Rocha, County Bank President and Chief Operating Officer.
The Company's Board of Directors is confident that the proper
steps are being implemented to position County Bank for renewed
success and continued growth during this difficult period. As part of
these steps, the Company continues to evaluate the need to raise
capital and the alternatives to do so.
While preparing its financial statements for the year ended
December 31, 2007, the Company worked with independent credit
consultants to perform an extensive review of a significant portion of
the Company's loan portfolio as of December 31, 2007. Continuing this
effort, the Company expanded its internal credit review process during
the first quarter of 2008 to include a credit review of all
construction loans and all land loans in excess of $250,000, resulting
in additional loans being placed on non-accrual status while other
loans were removed from non-accrual status.
The Company determined that some of these non-accrual loans, while
impaired, were still performing.

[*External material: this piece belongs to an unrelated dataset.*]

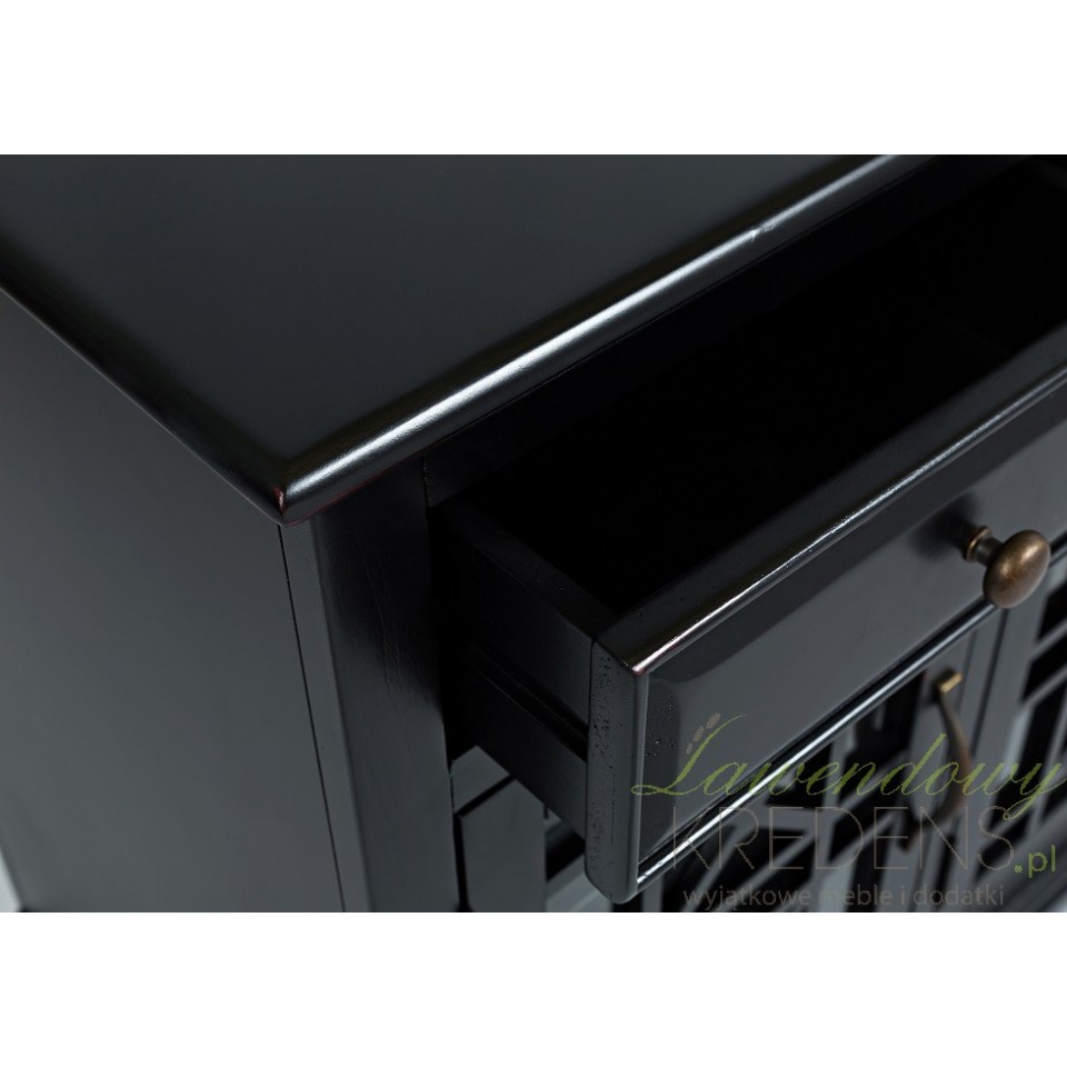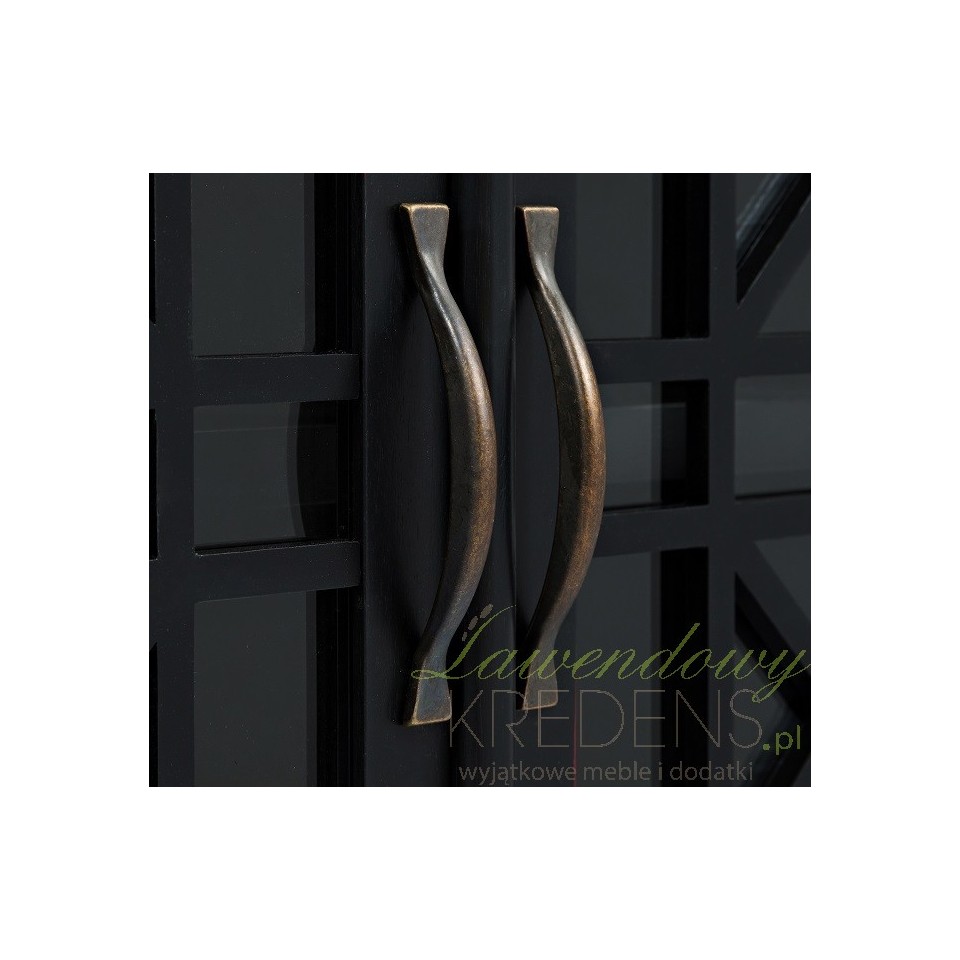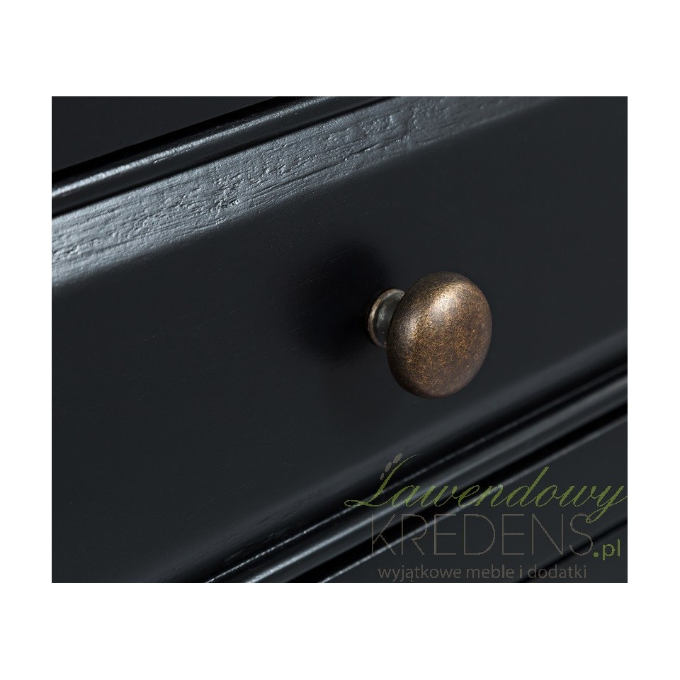 Meble Avola - jedne z długowiecznych mebli drewnianych, dostępne w atrajcyjnych wersjach kolorystycznych. Czarna komoda Avola Antique Black jak wskazuje jej nazwa jest postarzana, co najbardziej widać w miejscach frezowania szuflad. Komoda wyposażona jest w przeszklone drzwi z szprosami dzielącymi je na małe okienka. Meble Livin Hill o naturalnym, antycznym wyglądzie pasują do wnętrz francuskich, prowansalskich i retro.

Several of these borrowers have
granted the Company additional collateral, reducing the need for a
significantly greater allowance for loan losses at March 31, 2008.
As of March 31, 2008, the Company received additional collateral
allowing the Company to reverse specific loan loss reserves of $10.9
million established as of December 31, 2007. Furthermore, while the
Company reported impaired loans of $77.2 million as of March 31, 2008
(an increase of $24 million since December 31, 2007), 36% of those
loans, totaling $27.8 million, were either still performing loans or
loans for which sufficient additional collateral has been received by
the Company.
"We have experienced significant and meaningful cooperation with
our borrowers to improve the status of non-accrual loans," said John
Incandela, County Bank Executive Vice President and Chief Credit
Officer. "There have been a lot of economists and analysts reports
discussing this unparalleled period of economic upheaval in the
Central Valley, and we have certainly seen our share of the effects
this has had on our industry. California could see further
deterioration in home prices and construction delinquencies before the
economy begins to recover."
The first quarter 2008 decrease in net income compared to the
first quarter of 2007 is attributed primarily to an increase in the
provision for loan losses of $1.2 million, or $700,000 after-tax, and
an increase of $5.8 million, or $3.3 million after-tax, in
non-interest expenses, partially offset by increases in net interest
income of $3.0 million, or $1.7 million after-tax, and non-interest
income of $1.6 million, or $945,000 after-tax. The additional
provision for loan losses was necessary due to the continued
deterioration in real estate values in California's Central Valley,
which includes the Company's primary market area. The increase in net
interest income and non-interest expenses are primarily due to the
expanded activities of the Company arising from the acquisition of The
California Stockmen's Bank and Bay View Funding in the fourth quarter
of 2007.
The Company's net interest income rose 18% in the first quarter of
2008 compared to the first quarter of 2007, an increase to $19.7
million from $16.7 million, primarily due to interest-earning assets
acquired from The California Stockmen's Bank and Bay View Funding as
well as the Company's internal growth. Average interest-earning assets
rose in the first quarter of 2008 7.9% to $1.8 billion compared to
$1.7 billion in the first quarter of 2007, primarily due to
interest-earning assets acquired from The California Stockmen's Bank
and Bay View Funding, which averaged $171 million in the first quarter
of 2008, as well as the Company's internal growth. The Company's net
interest margin increased to 4.29% as of March 31, 2008, compared to
3.98% as of March 31, 2007.
Non-interest income increased $1.6 million, or 55%, to $4.5
million and service charges on deposit accounts increased by $535,000,
or 31%, to $2.2 million for the first quarter of 2008 compared to the
first quarter of 2007. The increase in service charges on deposit
accounts for the first quarter of 2008 was the result of The
California Stockmen's Bank acquisition as well as increased Bank fees
and reduced waivers on service charges.
As of March 31, 2008, the Company's subsidiary County Bank had a
total risk-based capital ratio of 9.92%, a Tier 1 capital ratio of
7.49% and a leverage ratio of 6.38%. The Bank's capital is within
adequately capitalized levels. The Company itself had a total
risk-based capital ratio of 10.46%, a Tier 1 capital ratio of 8.61%
and a leverage ratio of 7.22% as of March 31, 2008.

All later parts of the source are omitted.